Битва превратилась в хаос, когда не ясно, кто куда бежит и зачем. Хотя общий поток этого хаоса стал постепенно вырисовываться: посполитое войско бежало в лагерь, кроша все на своем пути, турецкое бежало прочь… Лес посполитых знамен вплыл в турецкий табор — теперь над шатрами развевались желто-синие с белым орлом хоругви русин, красные с белым орлом — поляков, бело-красно-белые с Погоней стяги литвин, красные с черным медведем вымпела жмайтов… Янычары, спаги, ямаки, тюфенкчи, смятые и разгромленные, обратились в бегство к противоположной стороне лагеря, туда, где над пропастью высился крутой заросший холм. Обезумевшие от холода и боя турки бросались прямо в эту пропасть, не то ослепленные страхом, не то не желавшие сдаваться в плен неверным. Преградить путь этим несчастным пытался стражник коронный пан Бидзинский.
— Стойте! Глупцы, стойте! — кричал Бидзинский туркам, отважно бросаясь обезумевшей толпе навстречу… Но храбрый поляк со своими людьми был смят и низвергнут этой потерявшей рассудок толпой в пропасть, со дна которой доносились жуткие стоны аж до самого вечера…
Станислав Яблоновский
Другие же турки, бежав через Днестр, обрушили под своей тяжестью поврежденный ядрами мост, и, оказавшись в морозной воде реки, многие утонули… И еще восемь тысяч изрубленных саблями и поколотых пиками янычар осталось лежать вокруг шатров Гусейна-паши. Остались лежать и предводитель янычар Яниш-паша, и верный соратник Гусейна Кайя, проткнутый гусарскими карабелами… Из более чем тридцатитысячной армии турок спаслось лишь пару тысяч и сам Гусейн, но спасся лишь для того, чтобы разгневанный позорным поражением султан накинул ему на шею шелковую удавку… И до пяти тысяч полегло посполитых солдат. Пробили пулями грудь Мотовиле, зарубили Мушальского…
* * *
— Что со мной? — Собесский привстал и отбросил со лба мокрый рушник. Он лежал на подстилке из богатых шелков. То был шатер Гусейна-паши, сверкающий золотом и виссоном. У входа стояли два жмайтских пехотинца с мушкетами на плечах.

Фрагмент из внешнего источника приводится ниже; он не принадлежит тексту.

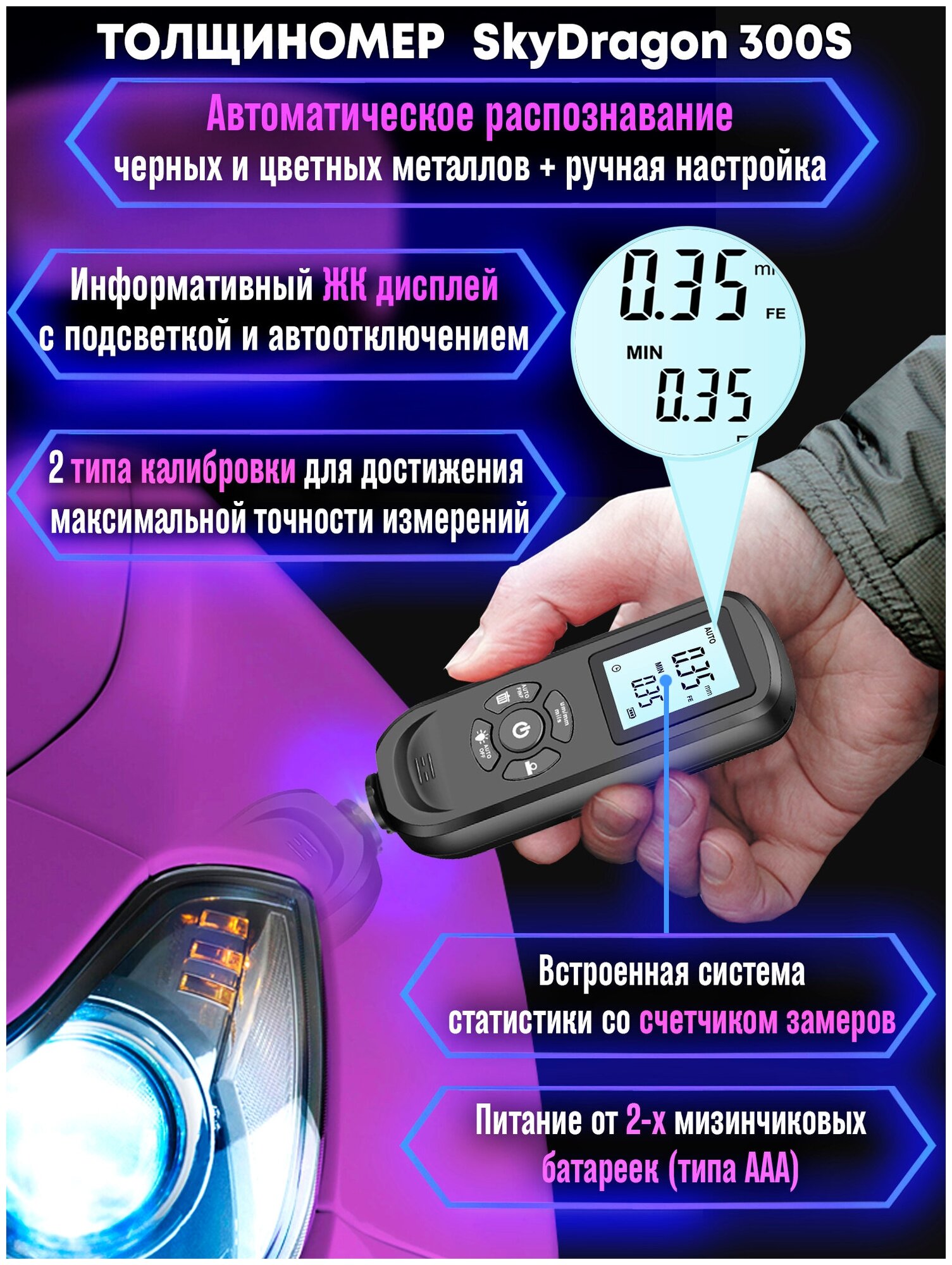 Автомобильный толщиномер лакокрасочного покрытия (ЛКП) SkyDragon 300S интересное:
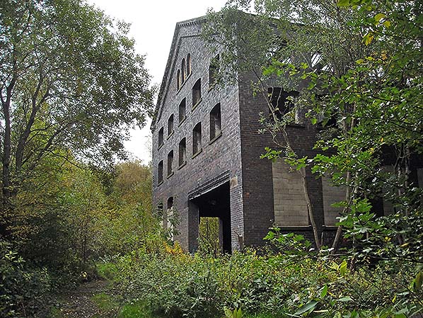 ![]() Station Name: STALEY & MILLBROOK![]() The derelict railway goods warehouse at Staley & Millbrook, looking south-east in October 2015 from the trackbed of the Micklehurst Loop. This location is about a quarter of a mile north of the former passenger station. The area formerly occupied by the goods sidings and Millbrook coal sidings is now dense woodland. The warehouse is similar in style to the others on the Micklehurst Loop, being constructed of blue engineering brick. It was a ‘two-road’ shed, meaning that two sidings entered it. The roof is in a dilapidated condition.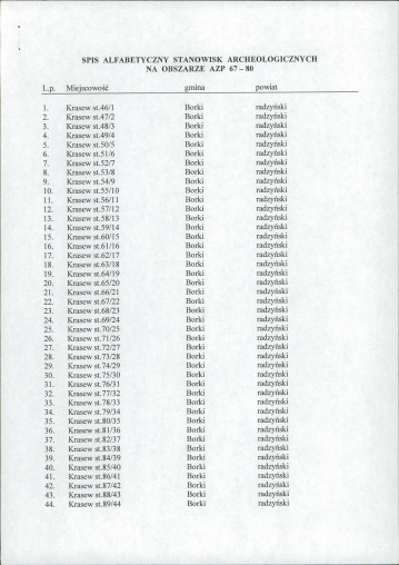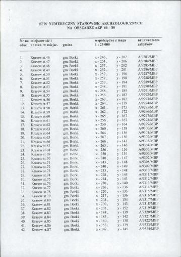 spis stanowisk wg numerów na obszarze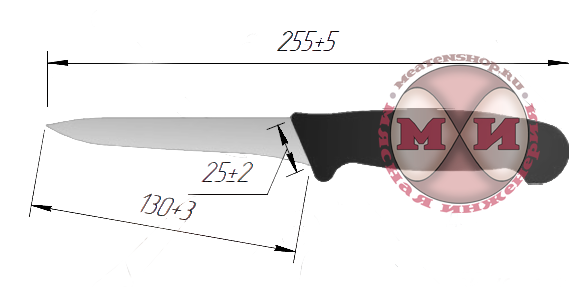 Ширина клинка: 25±2 мм; Макс.толщина обуха клинка: 2,8(-0,2) мм; Твердость клинка: 52..54 HRC; Материал клинка: высоколегированная нержавеющая сталь марки 50Х14МФ; Материал рукояти: полипропилен+термоэластопласт; Тип рукояти: цельная.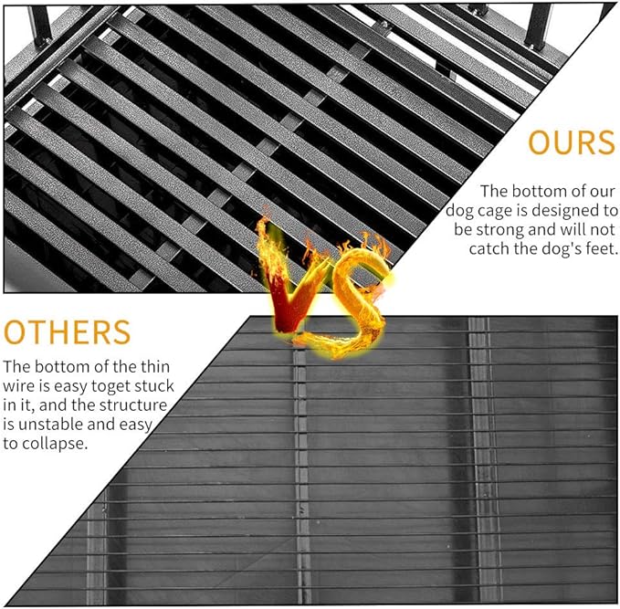 • Heavy duty frame: made from industrial corrosion-resistant steel, indestructible and durable, hard to be damaged, nontoxic finished surface keep your dog health, suitable for most medium and large dogs, two locks with the safety buckles to prevent the high anxiety dogs from opening the door and escaping.
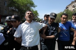 «İstefa!», «Bu rejimin onsuz da sonu olacaq!» kimi şüarlar səsləndirən Əlihüseyn Ağayev adlı bir nəfər polis tərəfindən saxlanılıb.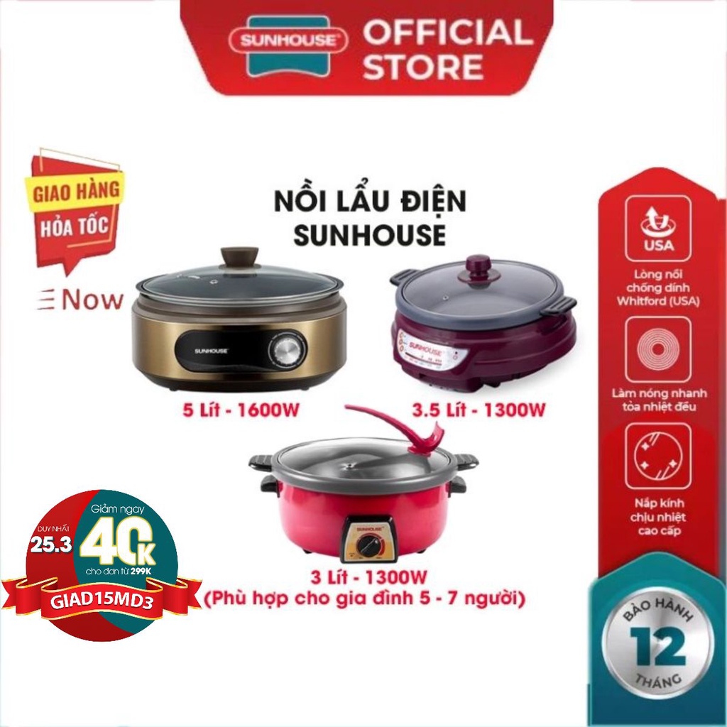 nồi lẩu điện sunhouse có 3 loại nồi: 3 lít, 3.5 lít và 5 lítnồi lẩu điện mini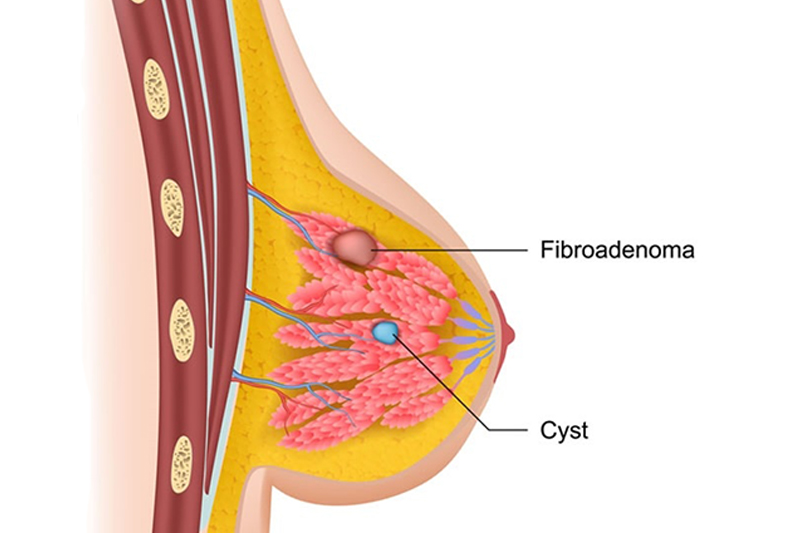 台灣外科醫生林惠鈺在電視節目《醫師好辣》分享,一名女生因乳房持續疼痛,擔心自己會像母親及外婆一樣患上乳癌,於是求醫。林醫生為她檢查時,發現女生兩邊乳房所有地方都會疼痛,與一般乳癌情況並不相符,進行超聲波檢查後就發現,女生的兩邊乳房都佈滿了「水泡、結節」,在香港則稱為囊腫。正正就是這些增生組織,引發乳房的疼痛。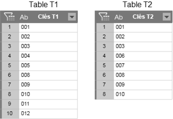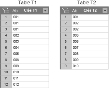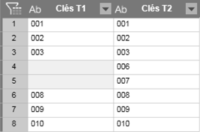 Garder toutes les lignes des deux tables. En l’absence de valeur correspondante dans les deux tables, des valeurs vides sont renvoyées.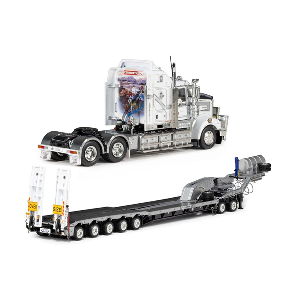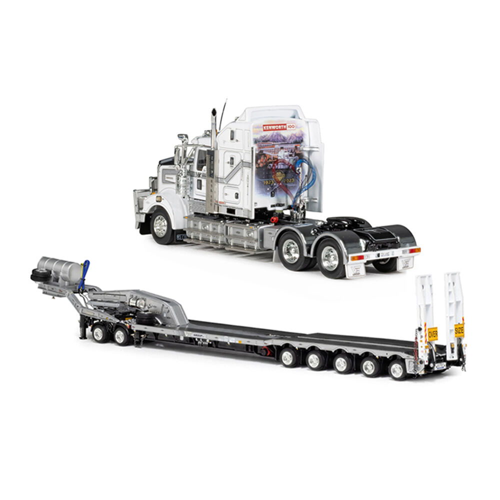 • This set include Kenworth T909 100 Year and 5x8 Swingwing Drop Deck and 2x8 Dolly

— Простой обморок, пан гетман, — отозвался врач, сидящий рядом, — вам лучше, пан гетман?
— Какое сегодня число?
— Тринадцатое, девять утра.
— Ого!.. А где все? Где турки? — взволнованно огляделся Собесский.
— Все в порядке. Турки бежали. Мы их одолели! — улыбался врач.
Солдаты у входа расступились, пропуская сияющего Михала Радзивилла в неизменной черной шляпе с высокой тульей на длинноволосой голове.
— Ну, проснулась, наша светлость! — раскинул Радзивилл приветственно руки. — Ну ты и соня! Сутки проспал! Как голова, не болит?
Собесский тяжело поднялся, отряхнулся и оправил быстрыми и смущенными движениями одежду. Врач заботливо набросил гетману на плечи подбитый мехом плащ.
— Чем-то по голове заехало, — почесал макушку Собесский.
— Ничем тебе не заехало, — вновь улыбнулся Михал, — ты в порядке. Обычный обморок, а не ранение. Переволновался малость. Но было от чего! В таборе просто пекло творилось! Скажи дзякуй Кмитичу и Яблоновскому. Это они со своими гусарами турок добили. И только что сдался Хотинский замок. Там куча запасов продовольствия и оружия. Пить — не перепить! Богатый трофей!
— Это добрая весть, Михась, — отвечал гетман как-то рассеянно, не улыбаясь, — а где Кмитич? Где Яблоновский?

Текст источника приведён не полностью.